Once the Philistine threat was over, Saul again turned his attention to tracking down his rival David. There were reports that David was hiding in the area of Engedi, so Saul took three thousand men and marched in that direction. En route, Saul entered one of the caves that were part of a sheepfold to relieve himself. David and some of his men were hiding in the inner recesses of that same cave. The men reminded David that God had promised one day to deliver his enemies into his hand. David crept forward in the dark and cut off the edge of Saul’s robe, but he returned to his men guilt-stricken because he even had dared to cut the robe of God’s anointed. David persuaded his men not to touch Saul, and after Saul had gone a safe distance, David went out of the cave and called after him. He bowed to the ground and addressed Saul respectfully as “My lord the king.” With great emotion, David tried to make his father-in-law see that he was being manipulated by certain men who stood to profit by removing David from the scene. He pointed out that he could have slain Saul in the cave had he been so minded and provided proof with the missing edge of Saul’s robe. Perhaps God would avenge the wrong that Saul had done to him, but David would not. Saul was wasting his time seeking him, for David was self-deprecating as he explained that he was no more a threat than a single flea on a dead dog. David concluded his speech by appealing to God to deliver him from the hand of Saul.
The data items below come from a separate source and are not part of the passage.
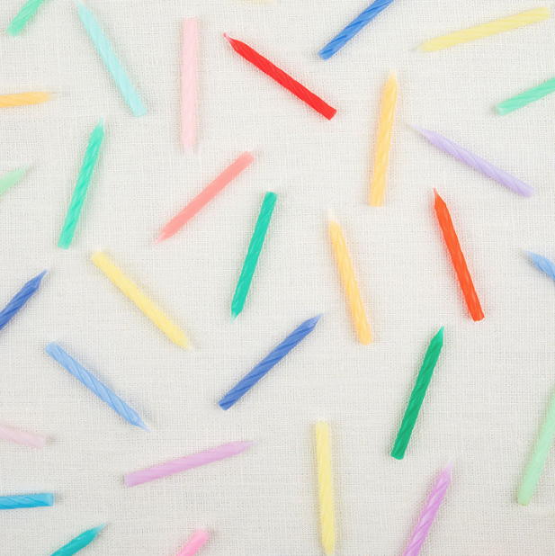 Non rimarrai più senza candeline con questo kit di 50 mini candeline arrotolate in tutti i colori dell’arcobaleno! Sono adatte sia per torte che per cupcakes!
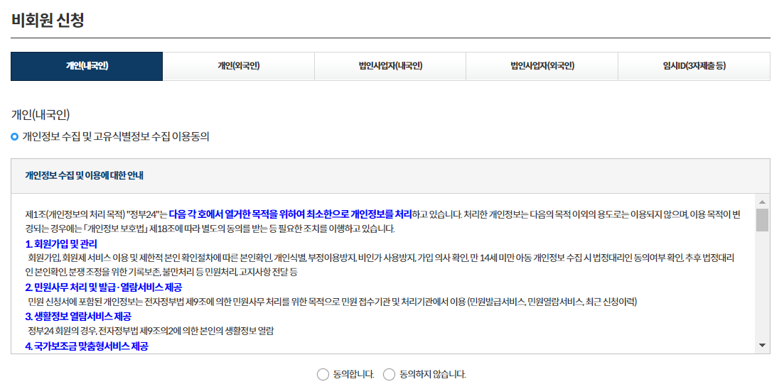 - 필요한 개인 정보(이름, 주민등록번호, 연락처 등)를 입력합니다. 여기서 정보 입력 후, 개인 정보 동의 및 인증 절차를 거치게 됩니다.
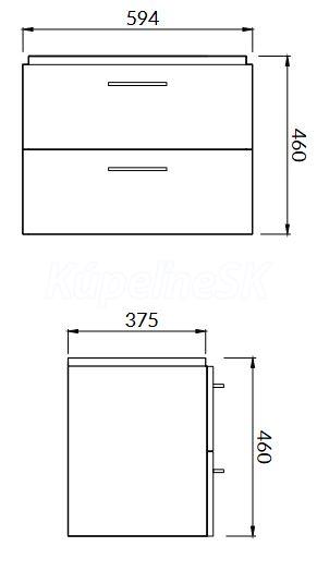 Závesná skrinka v lesklom prevedení s dvoma zásuvnakmi so systémom mäkkého zatvárania, je doplnená chrómovými madlami, dodávaná vrátane keramického umývadla.
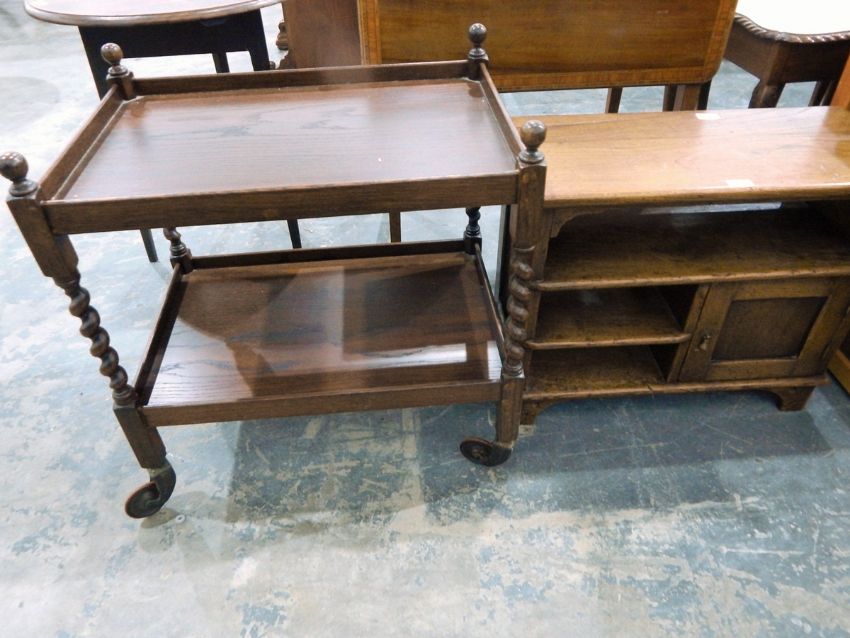 Modern oak telephone table with undershelf and cupboard together with a two-tier tea trolley on spirally twisted supports and castors (2)
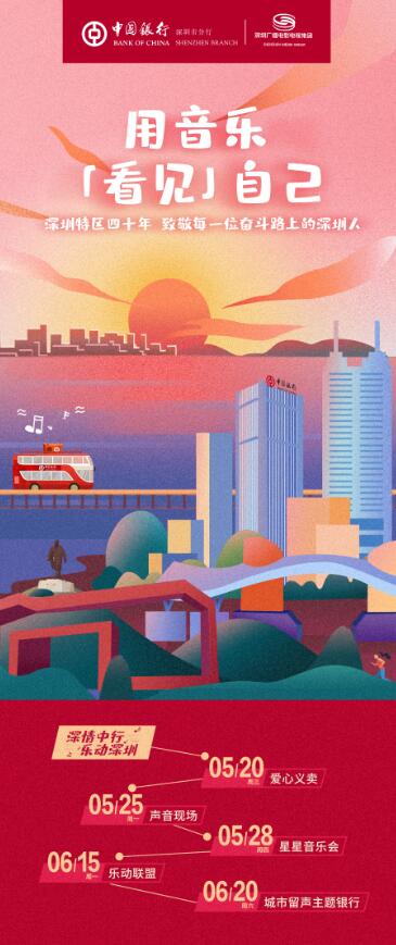據(jù)了解,“深情中行樂(lè)動(dòng)深圳”主題活動(dòng)將持續(xù)至7月,深圳中行將與深圳廣電集團(tuán)將陸續(xù)推出“解鎖深圳成就”H5互動(dòng)、“星星音樂(lè)會(huì)”、“聲音現(xiàn)場(chǎng)”、主題TVC、樂(lè)動(dòng)聯(lián)盟京東包裹、城市留聲主題銀行等子活動(dòng),與深圳市民共同發(fā)現(xiàn)城市中的溫暖、奮斗中的故事,為深圳特區(qū)四十年唱出贊美的心聲。
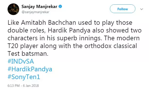 ദക്ഷിണാഫ്രിക്കക്കെതിരായ ആദ്യ ടെസ്റ്റില് ഇന്ത്യയുടെ നില പരുങ്ങലിലായപ്പോഴാണ് രക്ഷകനായി ഹാര്ദിക് പാണ്ഡ്യ അവതരിച്ചത്. 93 റണ്സ് നേടി ടീമിന് നെടുംതൂണായ പാണ്ഡ്യ പിന്നീട് ബൗളിംങിനിറങ്ങിയപ്പോള് ദക്ഷിണാഫ്രിക്കന് ഓപണര്മാരെ പുറത്താക്കുകയും ചെയ്തിരുന്നു. പാണ്ഡ്യയുടെ ഈ പ്രകടനം അമിതാഭ് ബച്ചന്റെ ചില സിനിമകളിലെ ഇരട്ടവേഷത്തിലെ പ്രകടനത്തോടാണ് സഞ്ജയ് മഞ്ജരേക്കര് ഉപമിച്ചത്.
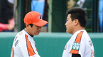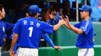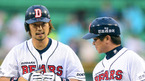 [OSEN=잠실,지형준 기자] 30일 오후 서울 잠실구장에서 열린 '2012 팔도 프로야구' 두산 베어스와 KIA 타이거즈의 경기, 1회말 1사 만루에서 두산 이성열이 2타점 적시 2루타를 날리고 전형도 코치와 기뻐하고 있다. 두산 선발 김승회
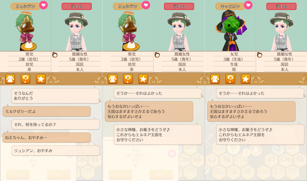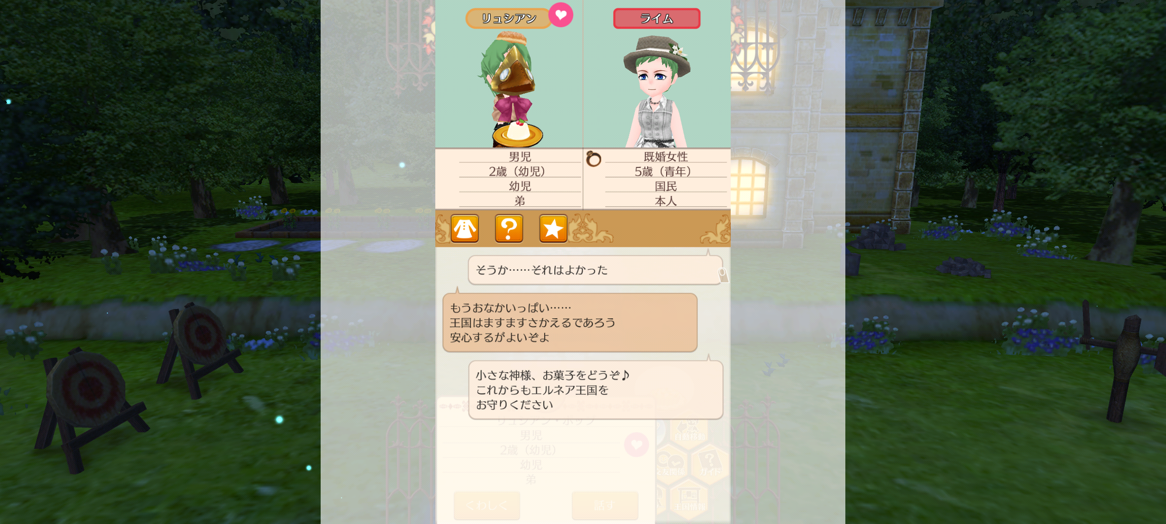 食べきれないミルクゼリーを持ち歩いてたリュシアンくんもキャロリンちゃんもごまんぞくで、星の日終了。
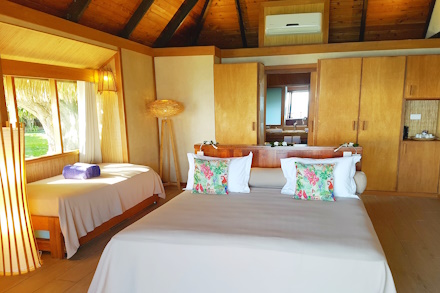 You will love this charming and comfortable property located on the south-west coast of Huahine. The hotel enjoys an ideal location in Avea Bay along a nice white sand beach and in front of a coral garden full of small fishes. This is also the best location to enjoy beautiful sunsets...Service is friendly and smiling Polynesian staff is always elegantly dressed with colourful local dresses. This is the ideal place for families as well as couples on honeymoon, 4 nights or more would be perfect to fully enjoy this beachfront property.

Saul was moved to tears by the words of David and acknowledged that David had been more righteous than he. Saul recognized for the moment that David must not have considered him as an enemy, else he would have slain him in the cave. Saul prayed God's blessing on David since he had refrained from killing the king. Saul declared that David would one day be king and concluded by adjured an oath from David that he would not wipe out his family, an action frequently taken when a new dynasty came to power. David quickly gave Saul the promise he desired, and he returned home. David and his men went up to “the stronghold,” the most rugged part of the Wilderness of Judea.
Thing To Consider:
- Why does David see the opportunity to kill Saul differently than his men?
- What posture should we take toward those in leadership over us even when they may be in the wrong?
- Who struck David's heart?
- What does David's speech tell us about his attitude toward God and Saul?
- Does David offer false humility? What makes you think this?
- What does Saul's declaration tell us about Saul's thoughts toward David?